In `Pi0Config`, setting `pi05=True` switches to the Pi0.5 architecture where robot state is **discretized into language tokens** (vs. continuous state injection in Pi0). Pi0.5 also uses `adaRMSNorm` to inject the flow-matching timestep into the action expert. `max_token_len` increases to 200 (from 48).

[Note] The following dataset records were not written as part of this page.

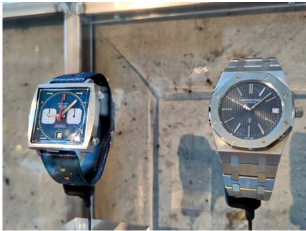
Deux modèles emblématiques des années 1970 : la Monaco de Tag Heuer et la Royal Oak d'Audemars Piguet

À la fin des années 1960, l'industrie horlogère connaît une série de mutations. La production de masse, l'apparition de nouvelles technologies, le libre-échange et les soubresauts de l'économie mondiale bousculent les modes de production et les marchés préétablis. Ces changements donnent lieu à une remise en question des conventions. Durant cette période charnière, les manufactures innovent, créent et imaginent la montre de demain. L'effervescence qui règne engendre une série d'innovations, plus ou moins fructueuses. Certaines nouveautés, à l'image du quartz, des matières plastiques ou encore du digital, présentées en introduction de l'exposition, bâtissent les canons esthétiques et technologiques de l'horlogerie actuelle.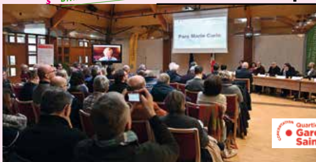
Quartier des Savoirs Gare Guyancourt Saint-Quentin

L'an passé, plus d'une centaine de Guyancourtois se sont connectés sur la page Facebook de la Ville pour échanger en direct avec le Maire, François Morton. Plusieurs invités avaient été conviés pour présenter leur activité et répondre aux questions des habitants. Parmi eux, des représentants d'associations locales (CIDFF, Sauvegarde des Yvelines) et de services publics (Police Nationale, Institut de Promotion de la Santé et Société du Grand Paris). Rendez-vous le 15 janvier à 18 h pour le prochain Facebook live.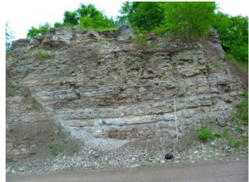
Die Grundgipsschichten mit Felsensulfat (unten) und Plattensulfat (oben) aus dem Mittleren Keuper in der Gipsgrube Vöhringen

Die Rohfördermenge an natürlichen Sulfatgesteinen (Gips- und Anhydritstein) aus über- und untertägiger Gewinnung in Baden-Württemberg betrug im Jahr 2017 rund 1,0 Mio. t. Die derzeitige Rohförderung entspricht somit dem langjährigen Durchschnitt für den Zeitraum 2003–2017 von rund 1,0 Mio. t. Seit dem Jahr 1994, dem bisherigen Höchststand der Förderung an Sulfatgesteinen von rund 1,46 Mio. t, ist die Rohfördermenge um rund 31 % zurückgegangen.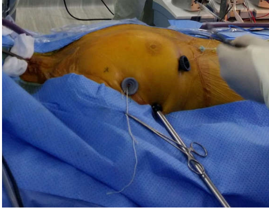
Hình 1. Vị trí các lỗ trocar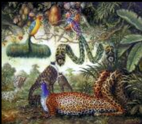
Obráz č. 9, 70x90 cm, 2006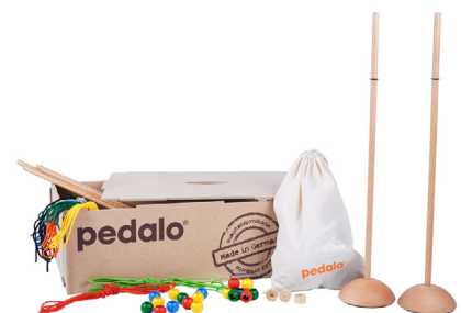
Pedalo Teamspiel-Box „4MOVE“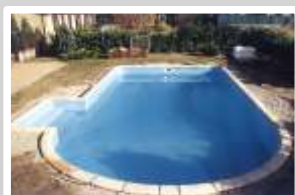
Réalisation du chaînage Pose des margelles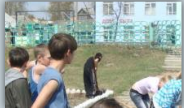
Вид на здание Дома быта из Парка Победы. 2010 год.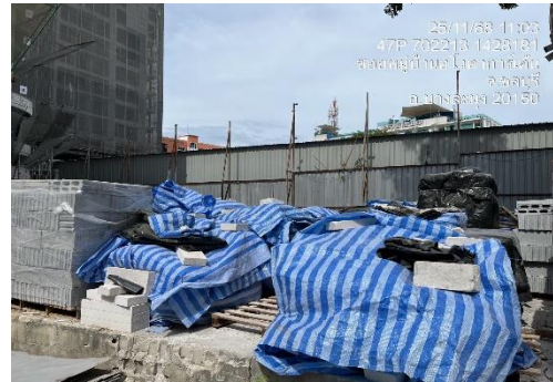
รูปที่ 6 พื้นที่จัดเก็บวัสดุก่อสร้าง

### Policy transform convention

Each robot has `*Inputs` and `*Outputs` transform classes. `*Inputs` takes raw dataset samples (with `observation/proprioception/<key>`, `observation/images/<cam>_t0`, `actions/<key>`, `prompt`) and produces the flat `{state, image, image_mask, actions, prompt}` dict the model expects. `*Outputs` converts model action output back to robot action space.

### MDS vs WDS

Two dataset formats are supported:
- **WDS** (`WDSDataConfig`): vla_foundry tar shards, streamed directly from S3 — used for LBM sim data
- **MDS** (`MDSDataConfig`): MosaicML Streaming format with deterministic shuffling and elastic resume — used for DROID/UR rollout data

## Dependencies

```bash
uv sync   # install all dependencies
```

The project uses `uv` for package management. OpenPI, rsl_rl, and polaris are git submodules under `src/`.